[To do]: Transcribe word for word each line from the one containing "黑色,无疑是时尚谱系中最具力" to the final line of the data, both included. Skip the pictures.
** Opening Data block block **
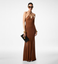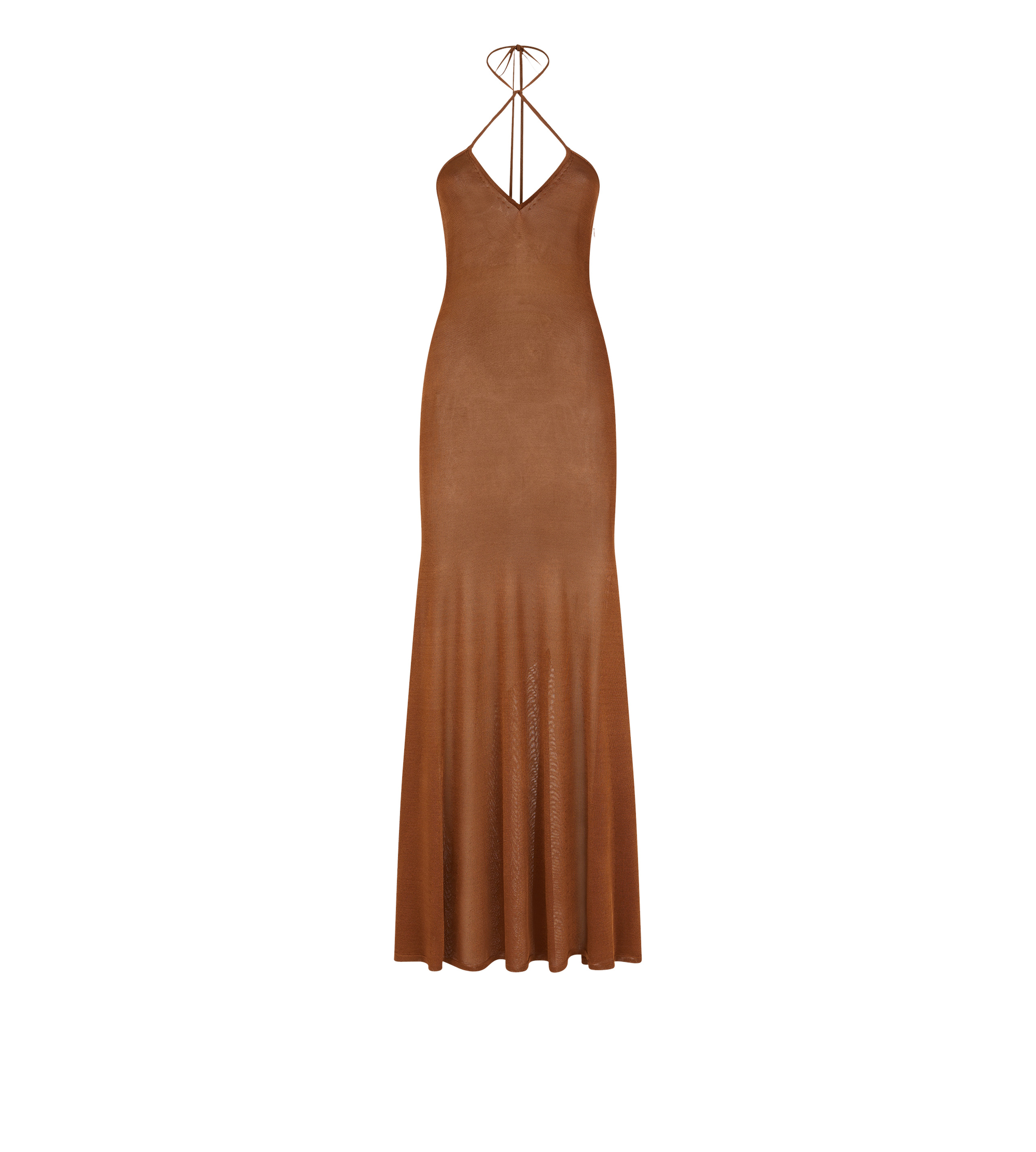 - HALTERNECK KNITTED MAXI DRESS - ANKLE LENGTH - CRAFTED IN SLINKY VISCOSE JERSEY - GAUGE 14 - 100% VISCOSE
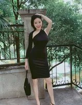 黑色,无疑是时尚谱系中最具力量感的颜色之一。它深邃、包容,并拥有无与伦比的塑形魔力。正如时尚分析所指出的,一套剪裁精良的黑色服装,能瞬间为穿着者拉满气场。在这组写真中,紧身连衣裙的设计将这一特质发挥得淋漓尽致。它如第二层肌肤般贴合身体的每一处曲线,从流畅的肩背线条到曼妙的腰臀比例,都被简洁而有力地强调出来。这种勾勒并非直白的展示,而是一种含蓄的自信宣言。面料在街灯与夜色下泛着柔和的光泽,正如蔡文静在某组黑色长裙写真中所展现的那样,黑色能将妖娆与气场完美融合,藏在线条里的,是无需言说的掌控力。
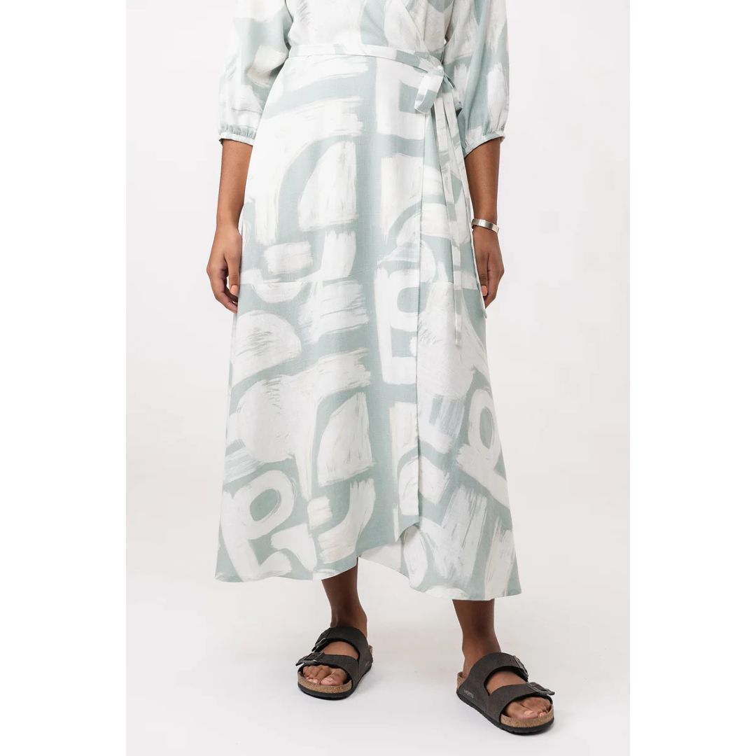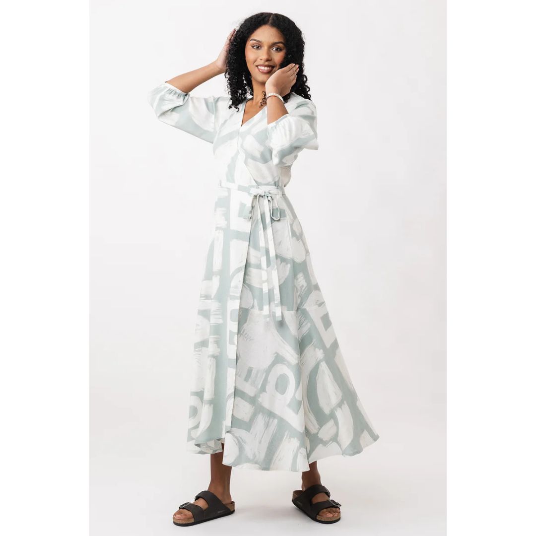 Hali wrap dress is a comfy and stylish wardrobe staple. The garment features a semi-fitted wrap bodice with a back yoke and a V-neck, wrap tie closure and handy side pockets. The dress has a voluminous, ankle-length circle skirt and ¾-sleeves with gathered sleeve openings.
** Closing Data block block **
[Written response]:
 黑色,无疑是时尚谱系中最具力量感的颜色之一。它深邃、包容,并拥有无与伦比的塑形魔力。正如时尚分析所指出的,一套剪裁精良的黑色服装,能瞬间为穿着者拉满气场。在这组写真中,紧身连衣裙的设计将这一特质发挥得淋漓尽致。它如第二层肌肤般贴合身体的每一处曲线,从流畅的肩背线条到曼妙的腰臀比例,都被简洁而有力地强调出来。这种勾勒并非直白的展示,而是一种含蓄的自信宣言。面料在街灯与夜色下泛着柔和的光泽,正如蔡文静在某组黑色长裙写真中所展现的那样,黑色能将妖娆与气场完美融合,藏在线条里的,是无需言说的掌控力。
 Hali wrap dress is a comfy and stylish wardrobe staple. The garment features a semi-fitted wrap bodice with a back yoke and a V-neck, wrap tie closure and handy side pockets. The dress has a voluminous, ankle-length circle skirt and ¾-sleeves with gathered sleeve openings.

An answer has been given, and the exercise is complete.